Work task –
Retype the data that follows exactly. No pictures belong in the copy.

Dataset section –
▬▬▬▬▬▬

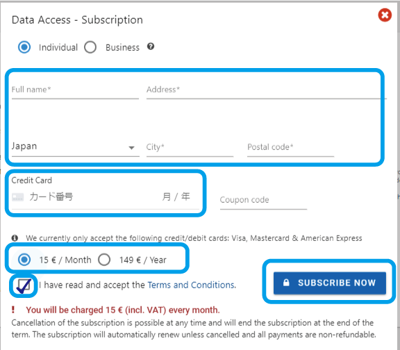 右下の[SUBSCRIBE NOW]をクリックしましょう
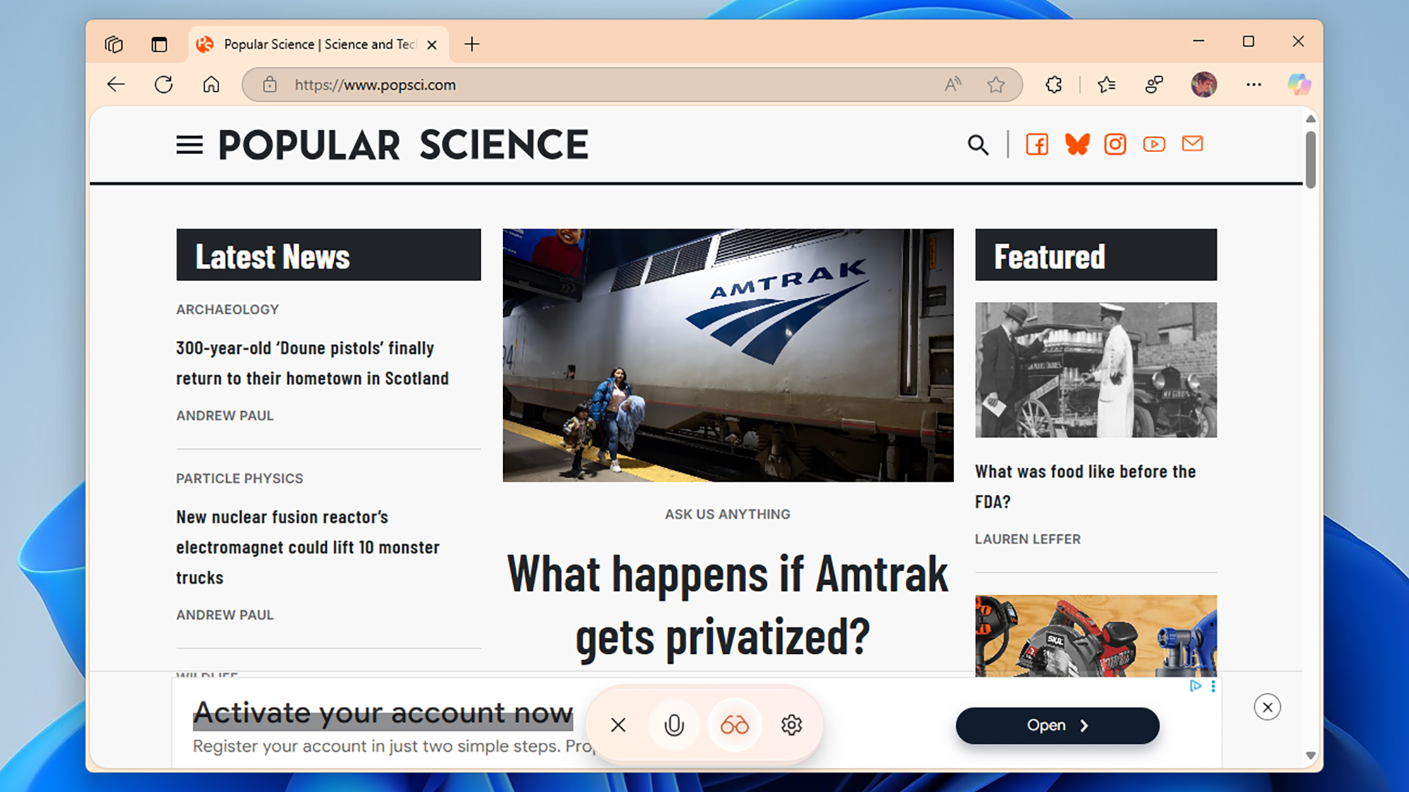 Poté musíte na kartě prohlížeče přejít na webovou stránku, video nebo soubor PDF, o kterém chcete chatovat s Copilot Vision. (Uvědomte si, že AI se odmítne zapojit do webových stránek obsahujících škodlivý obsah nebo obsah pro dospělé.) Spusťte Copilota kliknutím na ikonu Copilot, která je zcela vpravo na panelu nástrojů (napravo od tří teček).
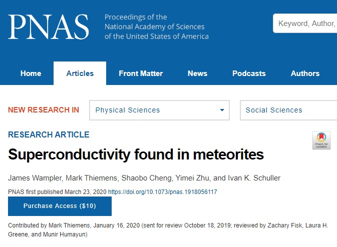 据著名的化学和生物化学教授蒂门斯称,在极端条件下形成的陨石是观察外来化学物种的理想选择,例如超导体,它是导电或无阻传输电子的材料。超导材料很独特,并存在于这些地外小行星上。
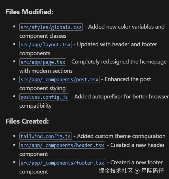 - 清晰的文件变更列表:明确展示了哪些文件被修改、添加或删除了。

▬▬▬▬▬▬

Completed exercise –
 右下の[SUBSCRIBE NOW]をクリックしましょう
 Poté musíte na kartě prohlížeče přejít na webovou stránku, video nebo soubor PDF, o kterém chcete chatovat s Copilot Vision. (Uvědomte si, že AI se odmítne zapojit do webových stránek obsahujících škodlivý obsah nebo obsah pro dospělé.) Spusťte Copilota kliknutím na ikonu Copilot, která je zcela vpravo na panelu nástrojů (napravo od tří teček).
 据著名的化学和生物化学教授蒂门斯称,在极端条件下形成的陨石是观察外来化学物种的理想选择,例如超导体,它是导电或无阻传输电子的材料。超导材料很独特,并存在于这些地外小行星上。
 - 清晰的文件变更列表:明确展示了哪些文件被修改、添加或删除了。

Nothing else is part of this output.